Laboratory 2: Tree Estimation (search & summary) and Character Evolution
In this lab, you will be using your new familiarity with Mesquite and R to conduct additional phylogeny estimates and look at character evolution in Caminalcules.
The goals of this lab are to:
- Gain more familiarity with functions in R and Mesquite.
- Understand the underlying assumptions of phylogeny estimation under parsimony.
- Examine morphological character evolution on trees using “character tracing” and ancestral state reconstruction.
First, we will use a few different functions in R to estimate phylogenies based on the Caminalcule data generated in the last lab. Whenever we estimate a phylogeny, we invoke a set of evolutionary assumptions. For example:
- What is the order, if any, of transitions from one character state to the next?

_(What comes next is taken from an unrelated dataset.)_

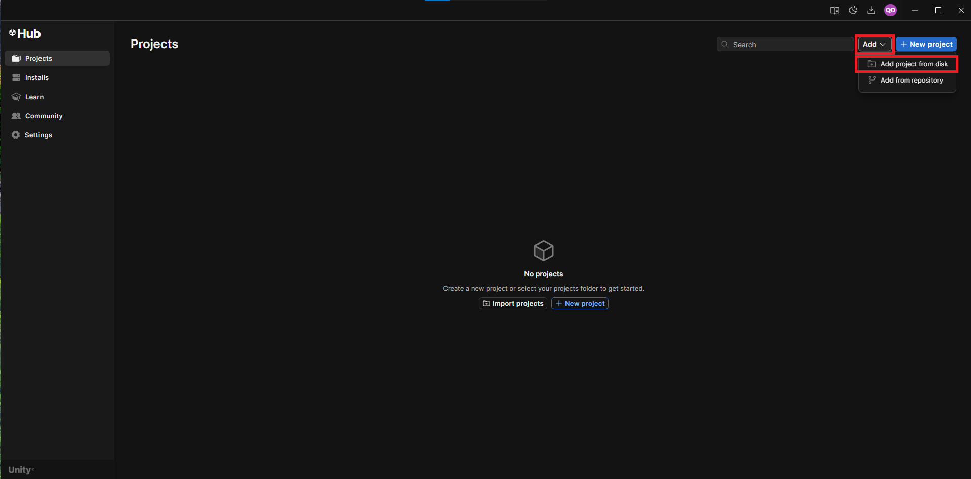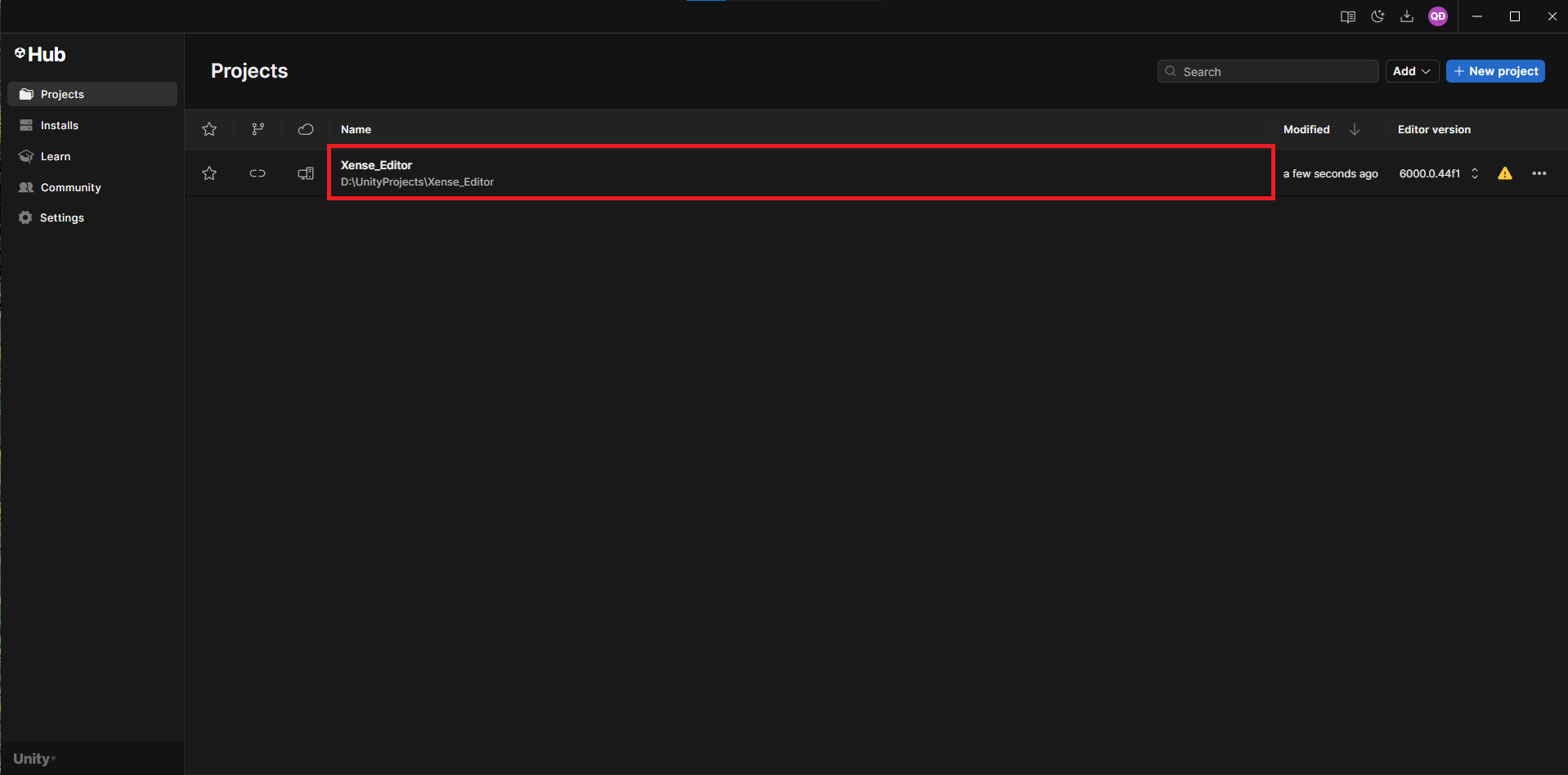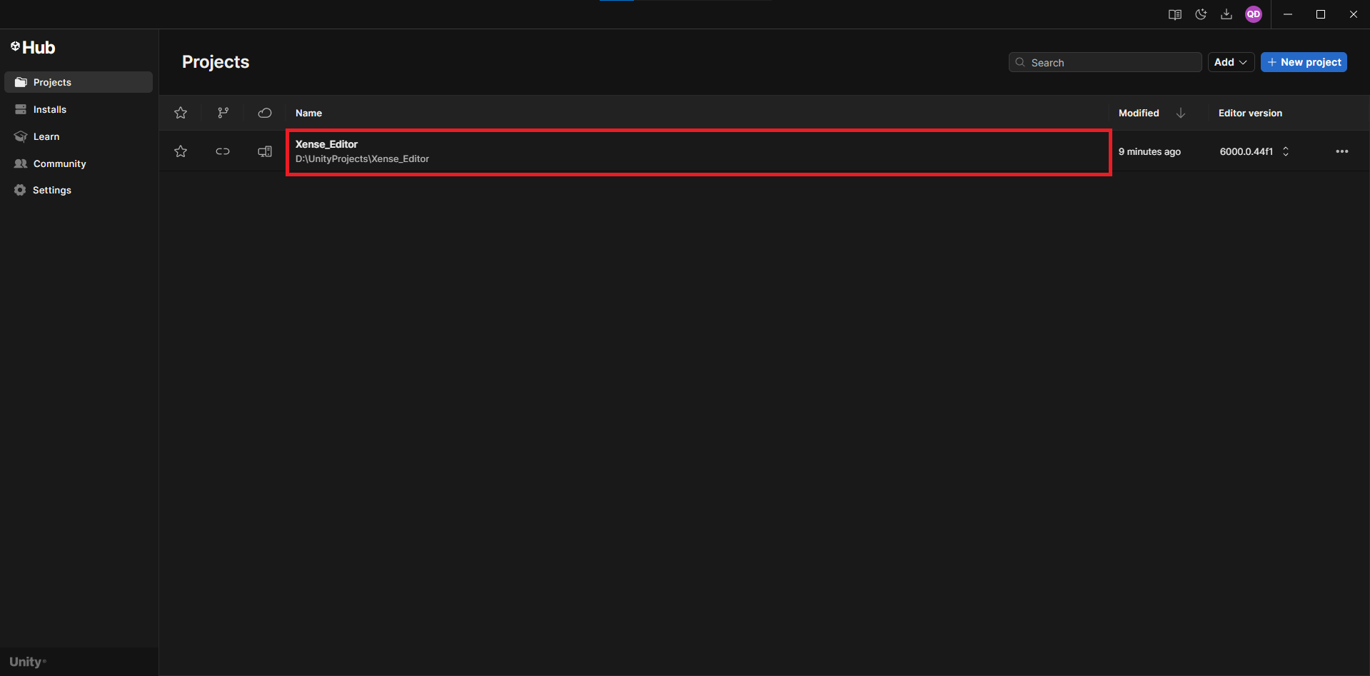 Add→Add project from disk, chọn thư mục XenseAR đã giải nén tại<Unity_Editor>

- Is the rate of transition among character states similar across the phylogeny, or are some clades evolving more rapidly than others?
- Is evolution in my particular study group best estimated using the parsimony criterion, or a more complex (and accurate) model of evolution that incorporates my empirical knowledge of character evolution?
Before lab, you estimated a phylogeny in R from your Caminalcule dataset using Fitch parsimony (unordered states). Using the instructions from the pre-lab assignment, open R Studio, set your working directory, and load the following packages: ape, igraph, lattice, Matrix, phangorn, rgl.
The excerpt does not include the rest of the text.